FAIRmat-NFDI / pynxtools

https://fairmat-nfdi.github.io/pynxtools/
Apache License 2.0
13 stars 8 forks source link

Improve search for fields when they are not directly in the appdef #386

Open domna opened 4 months ago

domna commented 4 months ago

When we try to found out if a key is documented in any of the parent appdefs or base classes we check all children names and then try to namefit the best match. However, this part does not into account probable NX classes provided with the dict. get_all_direct_children_names has an nx_class parameter now which can be used.

A second problem is that concept may be shielded. We had this for NXmpes/NXsample/temperature(NXenvironment) and NXsample/temperature(NX_FLOAT), which in principle should both be visible but get_all_direct_children_names is just a set with names so it only shows the one closest to the appdef.

This is the code part which needs to be updated: https://github.com/FAIRmat-NFDI/pynxtools/blob/e0d3184f1892d13042768531214f6e03b0710212/src/pynxtools/dataconverter/validation.py#L512-L513

Probably it's best to search through the inheritance chain with lxml directly, instead of using get_all_direct_children_names in combination with search_add_child_for, which just adds the node based on name. With lxml the node should be searched, namefitted and the NexusNode shall be created with add_node_from, which takes an xml element directly (hence no ambiguity). It is a similar technique to what I employed for the sibling namefitting: https://github.com/FAIRmat-NFDI/pynxtools/blob/e0d3184f1892d13042768531214f6e03b0710212/src/pynxtools/dataconverter/nexus_tree.py#L634

cc @RubelMozumder @mkuehbach (as new maintainers of the validation part)

rettigl commented 4 months ago

I generally don't understand how such an algorithm should find out the intended match. See e.g. DATA and AXISNAME in NXdata. As soon as there are more than one unnamed Field/Group, the match cannot be unique, no? As this can lead to wrong behavior then, I would suggest to not do any automatic concept fitting, but always require naming the concept for unnamed fields. Otherwise, how can we catch e.g. a typo of a named field? I noticed this as after renaming "bias" to "bias_env" in NXsample of NXmpes, there was no complaint for the old "bias" field, but it was namefitted as an NXbeam, which does not make any sense. I propose this has to raise a warning instead. Also, this wrongly namefitted group did not have any NXclass attribute.

domna commented 4 months ago

I generally don't understand how such an algorithm should find out the intended match.

I agree in most cases this is problematic and this should also be reflected in the changes to the parts above.

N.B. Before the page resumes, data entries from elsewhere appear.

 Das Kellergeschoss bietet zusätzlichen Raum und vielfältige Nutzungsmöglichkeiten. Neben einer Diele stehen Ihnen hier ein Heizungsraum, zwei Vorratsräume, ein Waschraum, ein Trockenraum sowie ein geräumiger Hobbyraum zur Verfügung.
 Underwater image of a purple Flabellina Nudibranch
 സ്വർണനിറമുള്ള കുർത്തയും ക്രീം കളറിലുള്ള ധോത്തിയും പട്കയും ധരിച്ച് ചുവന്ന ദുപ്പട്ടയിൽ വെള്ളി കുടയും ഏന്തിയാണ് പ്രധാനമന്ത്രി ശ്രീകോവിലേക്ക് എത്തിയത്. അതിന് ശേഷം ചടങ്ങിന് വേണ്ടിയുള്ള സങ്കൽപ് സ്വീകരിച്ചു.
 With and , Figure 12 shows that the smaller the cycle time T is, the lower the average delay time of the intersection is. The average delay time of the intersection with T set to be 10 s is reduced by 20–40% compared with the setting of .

See e.g. DATA and AXISNAME in NXdata.

This ones are even more special as we do not even have an NXclass attribute available. However, there is a special treatment for NXdata which associates this concepts based on the @signal and @axes attributes. Generally, resolving fields associated to ambiguous uppercase groups is not really possible in nexus (if we don't have the special treatment as for NXdata). We could resolve this on the writing side by using an uppercase notation there, too. This would, however, create problems on the reading side as the reader would not have the same information available and hence the association of the concept will be arbitrary (i.e. based on the reader implementation - but there is no "right" way to figure it out).

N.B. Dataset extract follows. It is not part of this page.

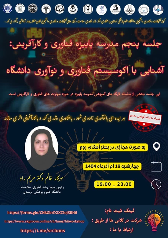 مدرس جلسه: سرکار خانم دکتر مریم مراد رئیس مرکز رشد فناوری سلامت دانشگاه علوم پزشکی لرستان
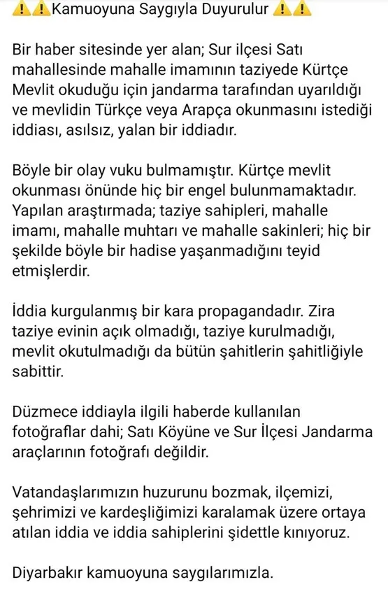"Böyle bir olay vuku bulmamıştır. Kürtçe mevlit okunması önünde hiç bir engel bulunmamaktadır. Yapılan araştırmada; taziye sahipleri, mahalle imamı, mahalle muhtarı ve mahalle sakinleri; hiç bir şekilde böyle bir hadise yaşanmadığını teyid etmişlerdir."

Also, this wrongly namefitted group did not have any NXclass attribute.

For this we should remove that the algorithm tries to namefit if it doesn't find a fitting exact name and only allow association based on uppercase parts in the path. It eventually turned out that is a design flaw that the algorithm even tries (as there is no benefit, because we almost always have multiple upper case concepts we could fit to).